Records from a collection
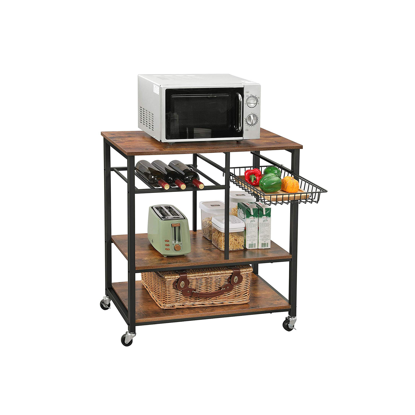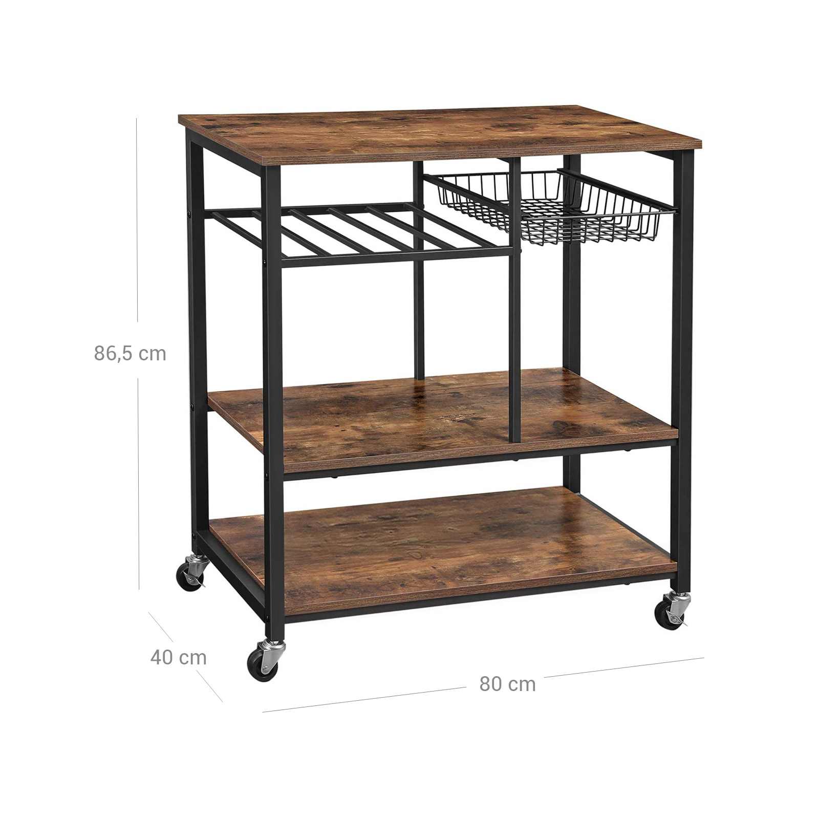 VASAGLE kitchen shelf with metal basket and bottle holder, wine rack, serving trolley, kitchen trolley, rolling cart with 3 shelves, 80 x 40 x 86.5 cm, industrial design, vintage, dark brown KKS80X
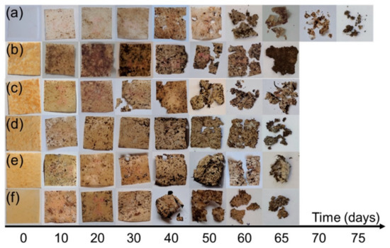 Photos of (a) PBS; (b) 40% NFC; (c) 7/3; (d) 5/5; (e) 3/7 and (f) 40% MCC films during biodegradation studies in soil burial test conducted in composting conditions [55].
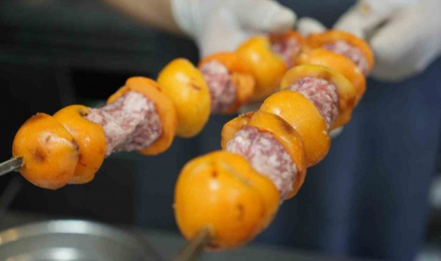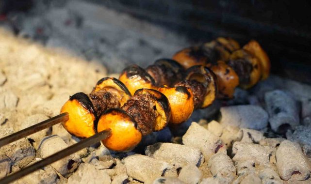 Malta eriği olarak da bilinen yenidünya meyvesi, kıymayla birlikte şişlere dizilerek ocakta pişirilirken, görüntüsü ve lezzetiyle turistlerin de ilgisini çekiyor.
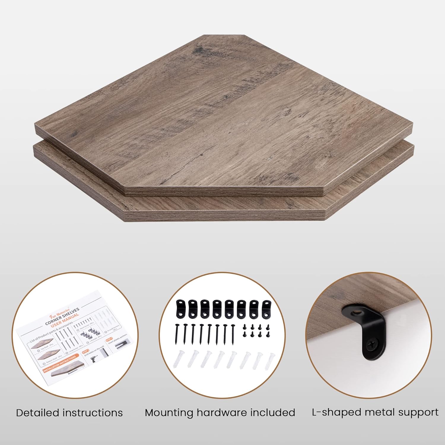 - ăEasy to MountăThe package comes with user-friendly instructions and all the necessary mounting hardware. Just place the corner wall shelf level in your desired location and secure it in place using the hidden bracket connectors provided, followed by screws
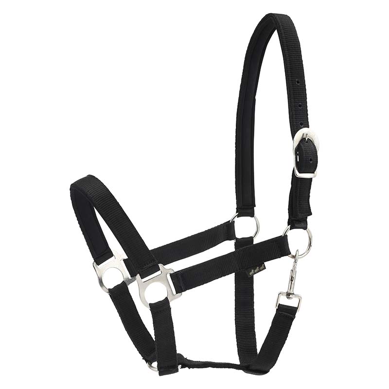 Prosty, czarny kantar z metalowymi elementami w kolorze srebrnym i karabinkiem. Wypełniony w okolicy nosa i kołnierza do derki dla optymalnego komfortu, oraz z regulowanym paskiem na kołnierz, który pozwala na łatwe dopasowanie kantara do twojego konia.

• The problem:
Without including any pictures, repeat the records above exactly.

• Task answer:
 VASAGLE kitchen shelf with metal basket and bottle holder, wine rack, serving trolley, kitchen trolley, rolling cart with 3 shelves, 80 x 40 x 86.5 cm, industrial design, vintage, dark brown KKS80X
 Photos of (a) PBS; (b) 40% NFC; (c) 7/3; (d) 5/5; (e) 3/7 and (f) 40% MCC films during biodegradation studies in soil burial test conducted in composting conditions [55].
 Malta eriği olarak da bilinen yenidünya meyvesi, kıymayla birlikte şişlere dizilerek ocakta pişirilirken, görüntüsü ve lezzetiyle turistlerin de ilgisini çekiyor.
 - ăEasy to MountăThe package comes with user-friendly instructions and all the necessary mounting hardware. Just place the corner wall shelf level in your desired location and secure it in place using the hidden bracket connectors provided, followed by screws
 Prosty, czarny kantar z metalowymi elementami w kolorze srebrnym i karabinkiem. Wypełniony w okolicy nosa i kołnierza do derki dla optymalnego komfortu, oraz z regulowanym paskiem na kołnierz, który pozwala na łatwe dopasowanie kantara do twojego konia.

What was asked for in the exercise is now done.